Precept & Practice – JANUARY 24 – Habitual Virtue

Precept & Practice – JANUARY 24 – Habitual Virtue

The state which repays us, is that habitual virtue, which makes it as natural for a man to act right, as to breathe;  which so incorporates goodness with the system that pure thoughts are conceived without study, and just actions performed without effort:  as it is the perfection of health, when every bodily organ acts without exciting attention;  when the heart beats, and the lungs play, and the pulses flow, without reminding us that the mechanism of life is at work:   So it is with the beauty of moral life!  when man is just, and generous, and good, without knowing that he is practising any virtue, or overcoming any difficulty;  and the truly happy man is he who, at the close of a long life, has so changed his original nature, that he feels it an effort to do wrong;  and a mere compliance with habit, to perform every great and sacred duty of life.

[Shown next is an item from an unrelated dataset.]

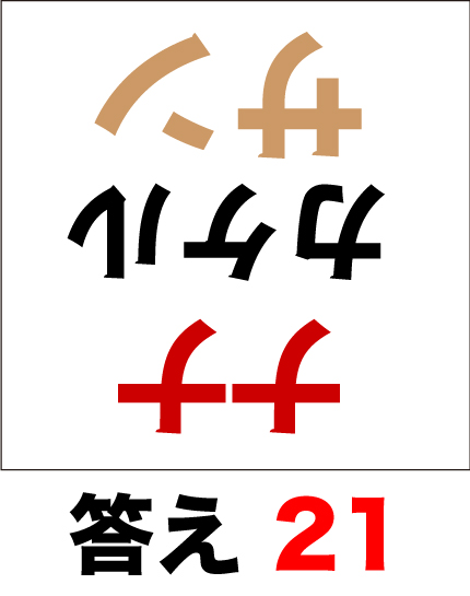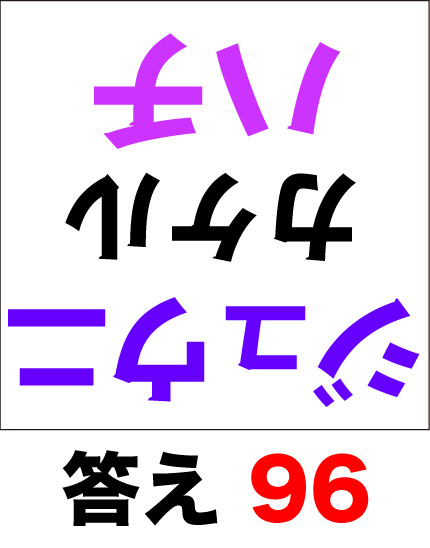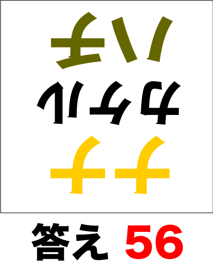 脳トレ計算、掛算の問題(中級)です。通常、掛算は数字と記号で表記されるのですが、「カタカナ」で数式を用意しました。脳トレ計算、掛算中級コースは問題が逆さまになっています。できるだけ暗算で考えてみましょう。
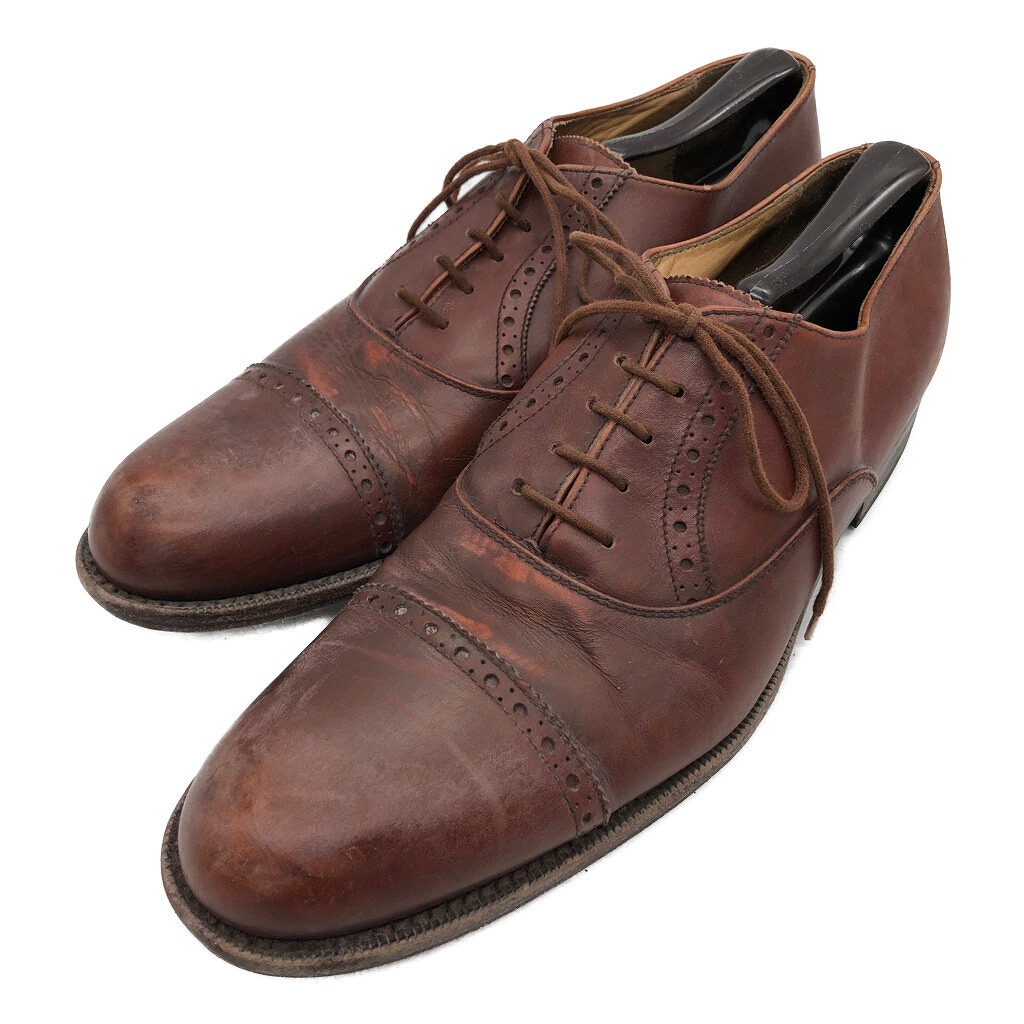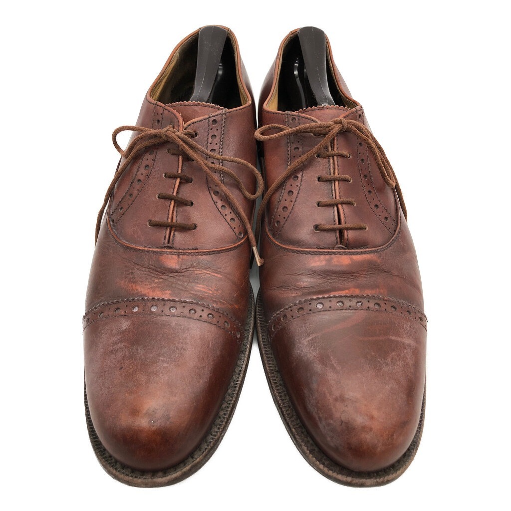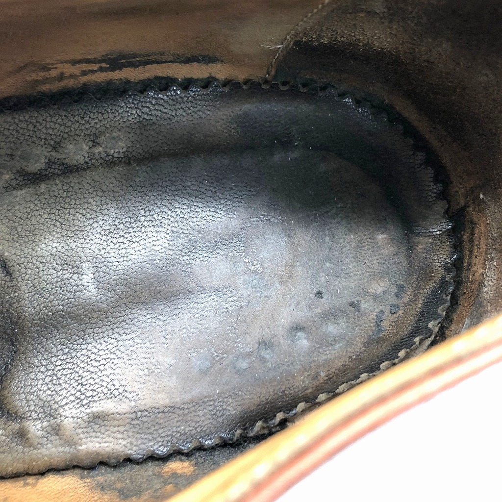 | [商品管理番号] KA0950 [サイズ] 28〜28.5cm相当 [実寸サイズ] (アウトソール)全長:約31cm 最大幅:約10cm 最小幅:約7cm ヒール高さ:約3cm [主な素材] [色] レッドブラウン [仕様] 内羽根式 本革 セミブローグ [状態] 汚れ: インソールの黒ずみあり キズ: 全体的にスレあり 破れ: 左足かかと内側に破れあり 特記事項: 全体的に変色箇所あり/両足ヒールの減り若干あり | |||

Sydney Smith (Sketches of Lectures on Moral Philosophy)

We shall one day forget all about duty, and do everything from the love of the loveliness of it, the satisfaction of the rightness of it.

George MacDonald

oooOOOooo

From the Introduction to Precept and Practice

The kindly welcome given to my other little books, ‘Being and Doing’ and ‘Character and Conduct,’ must be my excuse for adding another collection of extracts to the number now in circulation.

The quotations are gathered from the books of many earnest thinkers, and deal with Life in all its length and breadth, with ourselves, our characters, our plain unvarnished faults and weaknesses, our often untoward circumstances, and with all that drags us down;-  with our purposes, our religion, our love and friendships, and with all that uplifts us;-  with our relation to others, our influence and responsibilities, and finally with those stages of our journey which bring us to the Road’s Last Turn and to the Silent Land.